Often considered the Disneyland of Iceland, the Blue Lagoon is a geothermal spa created in 1976 by the overflow of water from the power plant next door. The steaming waters and silica mud are said to have healing properties that lure hundreds of thousands of visitors each year. Communal bathing is an important Icelandic custom and while the Blue Lagoon is the most popular public pool, there are many others all over the country.

Lake Myvatn

Lake Myvatn
Photo Courtesy of Iceland Magazine

Located in northern Iceland, Lake Myvatn is a site to see.

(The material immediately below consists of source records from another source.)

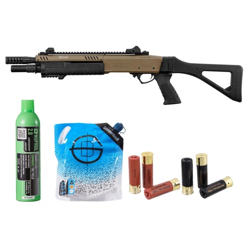 The Fabarm 33" Compact Gas Pump Shotgun Replica - Green Gas/Shell Combo - (Tan) is a premium, officially licensed airsoft shotgun designed for durability, performance, and realism. Built with a full metal body and strong polymer barrel assembly, this model features a protective Cerakote finish and an aggressively styled muzzle brake for a bold, tactical look. Its gas-powered tri-shot spread system delivers realistic performance with every pump, while the ergonomic pistol grip and triangular stock ensure comfort and stability during extended use. The fore-end includes a 20mm Picatinny under rail for easy accessory attachment, and the removable rail with a quick release pivot system allows for fast customization. Integrated sights are built into the carcass for streamlined target acquisition, making this shotgun ideal for both close-quarters battles and tactical scenarios. This ready-to-sell bundle offers maximum value to both dealers and players by including essential accessories for immediate gameplay. The set comes with 3000 rounds of Golden Ball 0.25g ProSlick Seamless BBs, engineered for superior accuracy, consistent feeding, and minimal jamming. A 6-pack of Golden Eagle Airsoft Shotgun Shells is also included, each holding 30 rounds and featuring a high-tension spring for flawless performance in triple-shot systems. For reliable power, the bundle provides Lancer Tactical 12KG High PSI Green Gas with added silicone for lubrication and maintenance, paired with a durable metal nozzle for leak prevention. By packaging a high-demand, officially licensed Fabarm shotgun with premium ammo, extra shells, and quality green gas, this combo delivers significant savings compared to individual purchases. Ideal for in-store promotions, online product listings, and seasonal sales, this bundle boosts customer appeal, drives traffic, and increases dealer profit margins by offering a complete, game-ready airsoft solution in a single SKU.
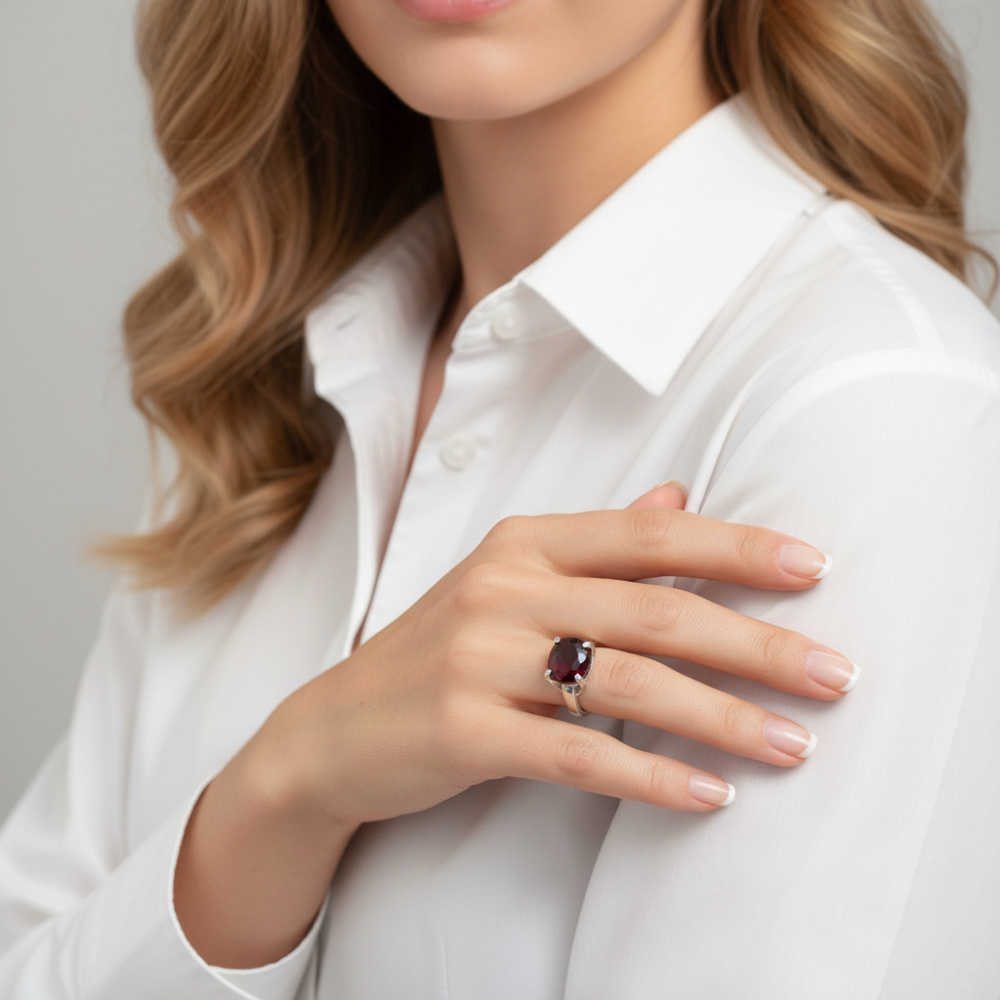 Cette bague en argent n'a qu'une raison d'être : habiller en toute subtilité le doigt de ces dames. Ce ravissant bijou à l'allure compacte doit toute son originalité à son volume apparent. Il est orné d'un grenat rouge taillé en coussin. L'effet de massivité se dégageant de la bague est atténué par le serti-griffes choisi par nos bijoutiers. La technique contribue à aérer et alléger cette pièce de joaillerie qui sublimera toutes les tenues vestimentaires .
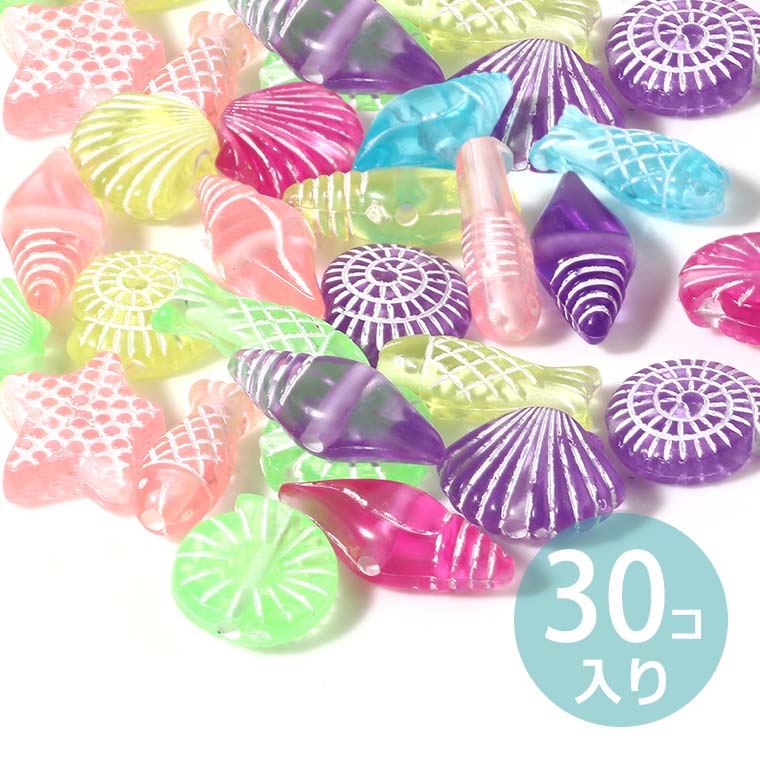 30個入 アソート マリンモチーフ アクリルビーズ クリアカラー 穴約1.5mm / カラフル 透明 ミックス 手芸 プラビーズ ...
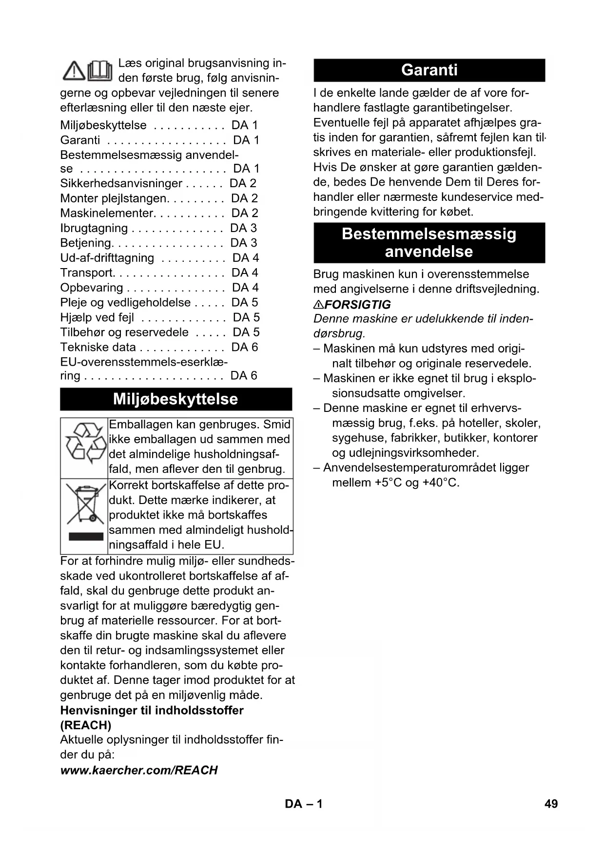 Chairman of the Board of Management Director Regulatory Affairs & Certification 48 PT– 1 Læs original brugsanvisning in- den første brug, følg anvisnin- gerne og opbevar vejledningen til senere efterlæsning eller til den næste ejer. For at forhindre mulig miljø- eller sundheds- skade ved ukontrolleret bortskaffelse af af- fald, skal du genbruge dette produkt an- svarligt for at muliggøre bæredygtig gen- brug af materielle ressourcer. For at bort- skaffe din brugte maskine skal du aflevere den til retur- og indsamlingssystemet eller kontakte forhandleren, som du købte pro- duktet af. Denne tager imod produktet for at genbruge det på en miljøvenlig måde. Henvisninger til indholdsstoffer (REACH) Aktuelle oplysninger til indholdsstoffer fin- der du på: www.kaercher.com/REACH I de enkelte lande gælder de af vore for- handlere fastlagte garantibetingelser. Eventuelle fejl på apparatet afhjælpes gra- tis inden for garantien, såfremt fejlen kan til- skrives en materiale- eller produktionsfejl. Hvis De ønsker at gøre garantien gælden- de, bedes De henvende Dem til Deres for- handler eller nærmeste kundeservice med- bringende kvittering for købet. Brug maskinen kun i overensstemmelse med angivelserne i denne driftsvejledning. 몇 FORSIGTIG Denne maskine er udelukkende til inden- dørsbrug. – Maskinen må kun udstyres med origi- nalt tilbehør og originale reservedele. – Maskinen er ikke egnet til brug i eksplo- sionsudsatte omgivelser. – Denne maskine er egnet til erhvervs- mæssig brug, f.eks. på hoteller, skoler, sygehuse, fabrikker, butikker, kontorer og udlejningsvirksomheder. – Anvendelsestemperaturområdet ligger mellem +5°C og +40°C. Miljøbeskyttelse . . . . . . . . . . . DA 1 Garanti . . . . . . . . . . . . . . . . . . DA 1 Bestemmelsesmæssig anvendel- se . . . . . . . . . . . . . . . . . . . . . . DA 1 Sikkerhedsanvisninger . . . . . . DA 2 Monter plejlstangen. . . . . . . . . DA 2 Maskinelementer. . . . . . . . . . . DA 2 Ibrugtagning . . . . . . . . . . . . . . DA 3 Betjening. . . . . . . . . . . . . . . . . DA 3 Ud-af-drifttagning . . . . . . . . . . DA 4 Transport. . . . . . . . . . . . . . . . . DA 4 Opbevaring . . . . . . . . . . . . . . . DA 4 Pleje og vedligeholdelse . . . . . DA 5 Hjælp ved fejl . . . . . . . . . . . . . DA 5 Tilbehør og reservedele . . . . . DA 5 Tekniske data . . . . . . . . . . . . . DA 6 EU-overensstemmels-eserklæ- ring . . . . . . . . . . . . . . . . . . . . . DA 6 Miljøbeskyttelse Emballagen kan genbruges. Smid ikke emballagen ud sammen med det almindelige husholdningsaf- fald, men aflever den til genbrug. Korrekt bortskaffelse af dette pro- dukt. Dette mærke indikerer, at produktet ikke må bortskaffes sammen med almindeligt hushold- ningsaffald i hele EU. Garanti Bestemmelsesmæssig anvendelse 49DA– 2 Læs og følg denne betjeningsvejledning samt den vedlagte brochure med sikker- hedsanvisninger for disc-enskivemaskiner, nr. 5.956-659, inden maskinen tages i brug første gang. FARE Henviser til en umiddelbar fare, der fører til alvorlige kvæstelser eller til døden 몇 ADVARSEL Henviser til en mulig farlig situation, der kan føre til alvorlige kvæstelser eller til døden. 몇 FORSIGTIG Henviser til en mulig farlig situation, der kan føre til lette personskader. BEMÆRK Henviser til en mulig farlig situation, der kan føre til materiel skade. Sikkerhedsanordningerne tjener brugerens beskyttelse og må ikke sættes ud af drift og deres funktion må ikke omgås. Forhindrer, at maskinen tændes utilsigtet. For at tænde maskinen skal du først trykke på udløserknappen og derefter på tænd/ sluk-kontakten. Inden ibrugtagning skal plejlstangen mon- teres som vist, og der oprettes en elektrisk forbindelse. Figurer, se omslaget Illustrationen viser maskinen BDS 43/150 C Classic. Maskinen BDS 43/Duo C adskil- ler sig lidt fra denne. 1 Medbringer, skivebørste / pad-drivpla-
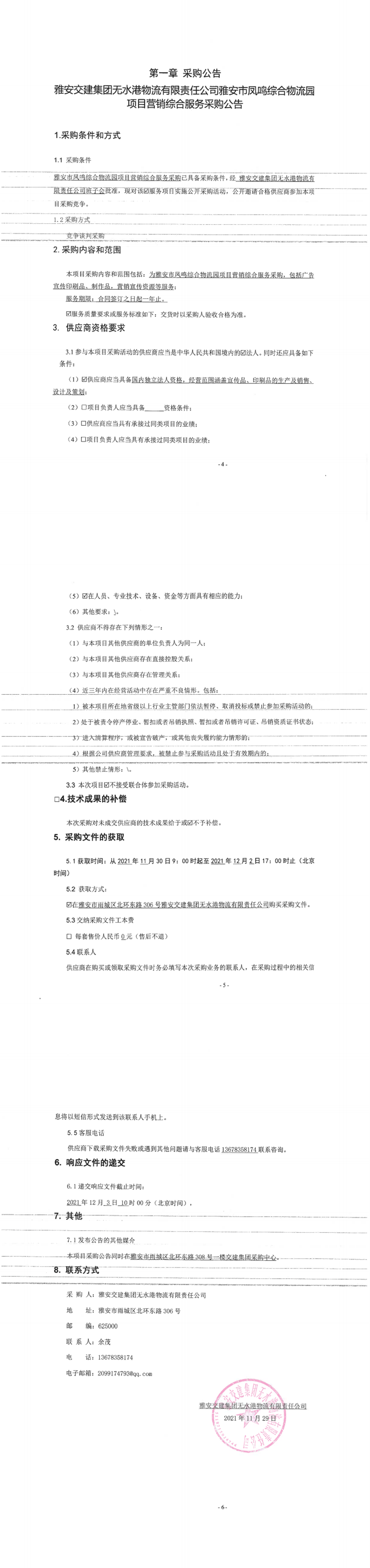 雅安交建集團無水港物流有限責任公司雅安市鳳鳴綜合物流園項目營銷綜合服務(wù)采購公告

From desolate craters to bubbling mud pools and geothermal caves this area is full of adventure. You must travel through the highlands to get to Lake Myvatn, which is only accessible in the summer for a few short weeks. This is a great area for hiking and you won’t want to miss a dip in the Myvatn natural baths!

West Fjords

Hornstrandir Nature Reserve
Photo Courtesy of Embark.org

Visit the West Fjords if only for the scenery. The stunning green landscape and dramatic cliff sides make this area the ideal spot for camping and hiking. Since it becomes quite popular in the summer, opt for a more remote experience and head to Hornstrandir Natural Reserve, at the edge of the Arctic Circle.